Ron Jadin, CFO of W.W. Grainger, says there are pros and cons to being in a short-cycle business.
Because Grainger, an $8.1-billion provider of maintenance and repair supplies and operating equipment, doesn't have a big order backlog the way longer-cycle industries typically do, “it can be hard to tell when a downturn is coming,” Jadin says. “We didn't see the downturn until the fourth quarter of '08.”
The upside is that when a downturn happens, a company like Grainger can turn on a dime and cut its costs.
“We have a lot of part-time employees in our warehouses and work centers,” he explains, “so we can have flex employment, cutting our labor costs. Managers in each location manage their labor hours every day, so if you have the right tools and reporting, you can cut part-time hours out right away.”
Jadin notes that when the economy reaccelerates, the company is able to pick up the pace quickly. “When you have the tools to show demand is picking up again, you can add people quickly,” he says, “by just adding to their hours again.”
Cutting hours isn't the only way that Jadin, who was appointed CFO in March 2008, cut Grainger's costs during the recession. “We took $100 million in inventory out of a total of $1 billion in inventory,” he says. “And we did that without hurting our service standards at all, and that's not easy.”
In fact, he says, the company was able to gain more market share during the downturn than at any time in recent memory. It accomplished this by micro-managing the inventory cuts, so that instead of wholesale reductions, it reduced the amount of each product on hand only slightly—for example, keeping eight of a certain type of hammer in each warehouse instead of 10.
Jadin says that through the recession, he and the rest of the company's senior management focused on providing good service to customers. While Grainger laid off 600 employees, it added 150 salespeople. He also rolled out a proprietary tool developed by the company, called KeepStock, to help Grainger's customers manage their own inventories.

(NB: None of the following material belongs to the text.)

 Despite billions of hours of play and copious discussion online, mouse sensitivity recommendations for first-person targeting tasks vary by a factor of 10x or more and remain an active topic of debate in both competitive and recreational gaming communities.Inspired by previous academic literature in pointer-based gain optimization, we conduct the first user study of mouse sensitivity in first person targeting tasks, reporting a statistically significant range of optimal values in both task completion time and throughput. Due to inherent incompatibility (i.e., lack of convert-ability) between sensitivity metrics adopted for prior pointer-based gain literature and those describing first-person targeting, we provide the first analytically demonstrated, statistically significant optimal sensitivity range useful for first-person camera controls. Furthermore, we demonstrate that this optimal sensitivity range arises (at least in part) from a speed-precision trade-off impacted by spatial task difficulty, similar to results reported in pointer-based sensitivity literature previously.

Jadin also implemented a board decision to increase the company's dividend. “Our earnings were down 10% in 2009, but we increased our dividend by 14%,” he says. “The shareholders loved it!”

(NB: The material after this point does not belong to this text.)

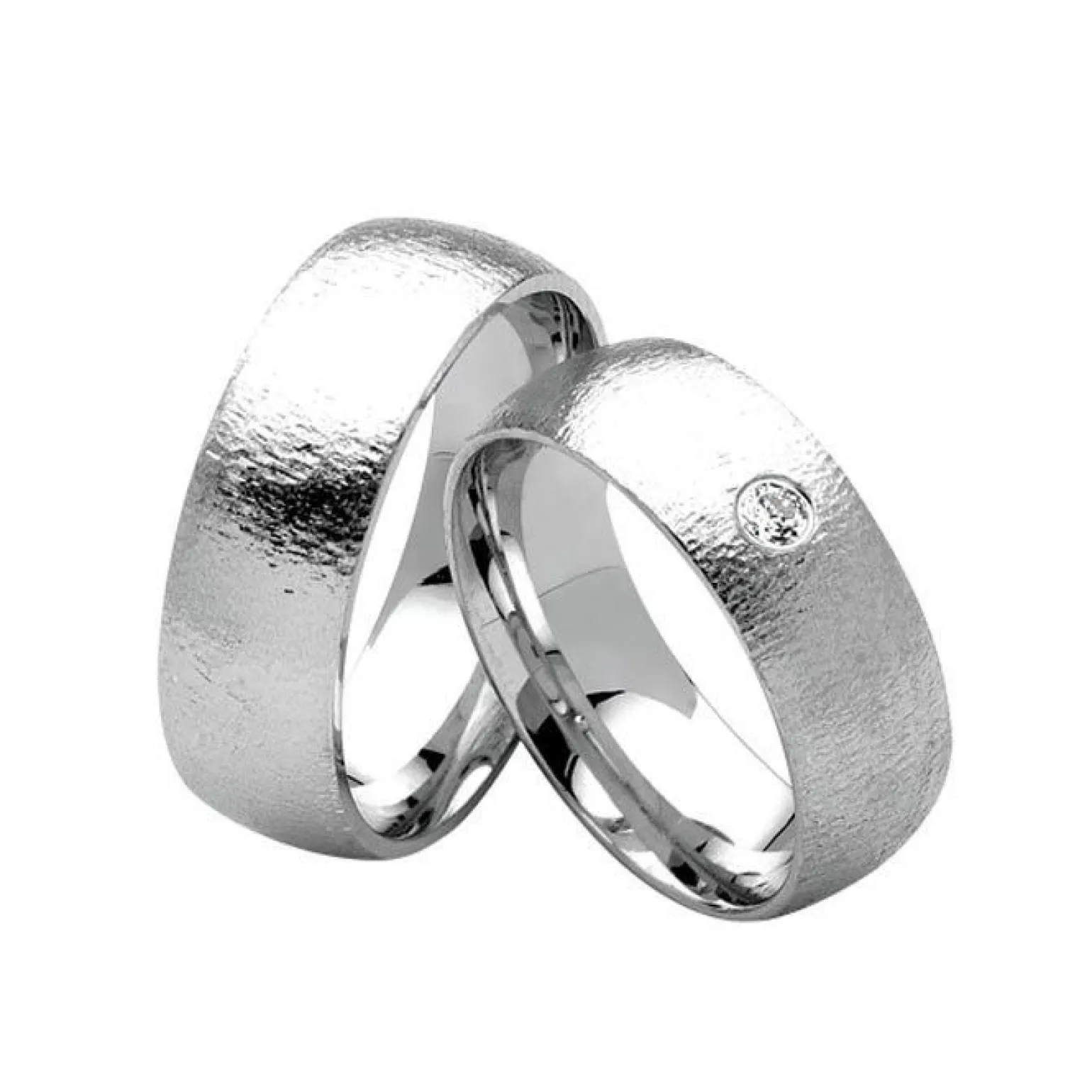 Rhodinierte Eheringe aus Silber mit 1 Brillanten im Damenring

Jadin, who joined Lake Forest, Ill.-based Grainger in 1998 after serving as a financial analyst at General Electric, says that after he was named CFO, he “introduced more of a contingency-planning mind-set—because you have to have a playbook.”
That contingency planning includes strategies to extend the strong performance of Grainger's stock in recent years.
“We are currently in the top 3% to 5% in total shareholder return,” he says. “Well, nobody repeats that. You can't do the same thing for five more years that you did for the past five. We need a new strategy. We need to put a lot of effort into figuring out what to keep and what are the important things to focus on.”
One focus is global growth, Jadin says. “We're still 75% in the U.S., and we think we need to grow more outside the U.S.”
The other area he wants to focus on is e-business. “We're the 15th-largest e-tailer with $2 billion a year in sales,” Jadin says. “There's a huge opportunity for moving more of our business to the Internet over the next five years.”